Content starts

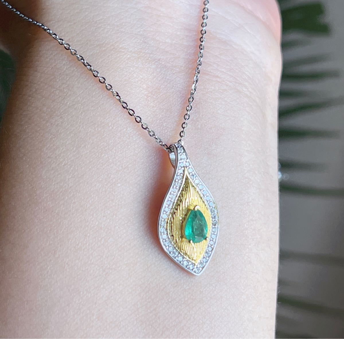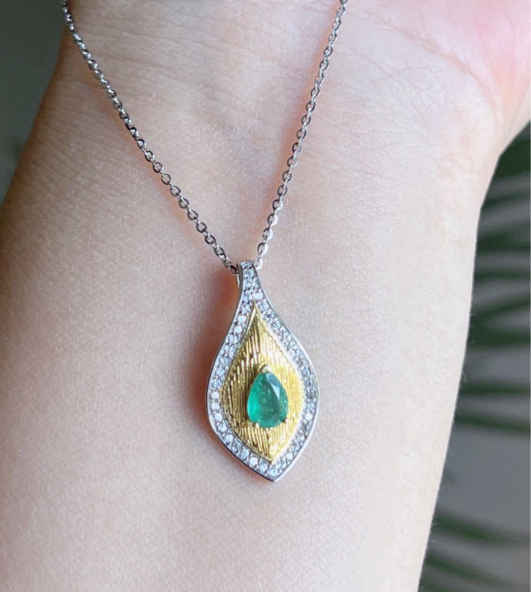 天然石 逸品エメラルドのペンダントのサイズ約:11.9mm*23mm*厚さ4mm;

Content ends
Content starts

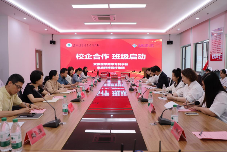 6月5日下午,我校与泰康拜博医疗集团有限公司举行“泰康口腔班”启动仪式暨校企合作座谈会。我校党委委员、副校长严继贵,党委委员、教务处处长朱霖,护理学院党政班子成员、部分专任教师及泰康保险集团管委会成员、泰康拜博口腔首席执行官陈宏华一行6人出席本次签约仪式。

Content ends
Content starts

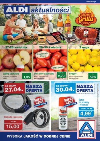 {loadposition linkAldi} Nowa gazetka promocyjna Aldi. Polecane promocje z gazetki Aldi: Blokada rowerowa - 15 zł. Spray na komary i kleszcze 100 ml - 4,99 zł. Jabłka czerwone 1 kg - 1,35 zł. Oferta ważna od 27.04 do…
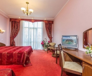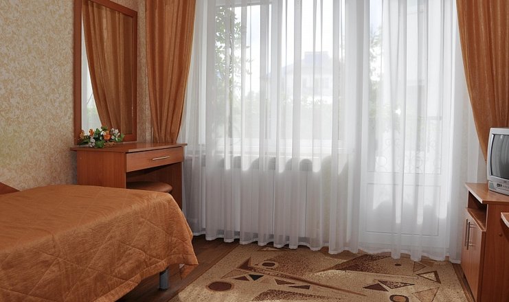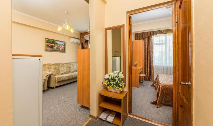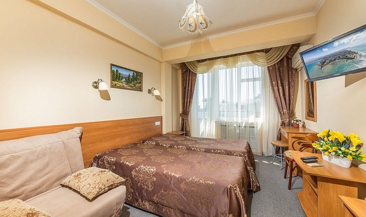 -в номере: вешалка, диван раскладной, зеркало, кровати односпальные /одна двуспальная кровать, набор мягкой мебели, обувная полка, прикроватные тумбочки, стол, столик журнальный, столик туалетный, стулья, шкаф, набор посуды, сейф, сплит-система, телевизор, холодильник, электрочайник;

Content ends

Description of the task →
All that is wanted is the lines above between the one containing "od 27.04 do…" and the one containing "-в номере: вешалка, диван", inclusive, restated word for word, with pictures omitted.

Response below →
 {loadposition linkAldi} Nowa gazetka promocyjna Aldi. Polecane promocje z gazetki Aldi: Blokada rowerowa - 15 zł. Spray na komary i kleszcze 100 ml - 4,99 zł. Jabłka czerwone 1 kg - 1,35 zł. Oferta ważna od 27.04 do…
 -в номере: вешалка, диван раскладной, зеркало, кровати односпальные /одна двуспальная кровать, набор мягкой мебели, обувная полка, прикроватные тумбочки, стол, столик журнальный, столик туалетный, стулья, шкаф, набор посуды, сейф, сплит-система, телевизор, холодильник, электрочайник;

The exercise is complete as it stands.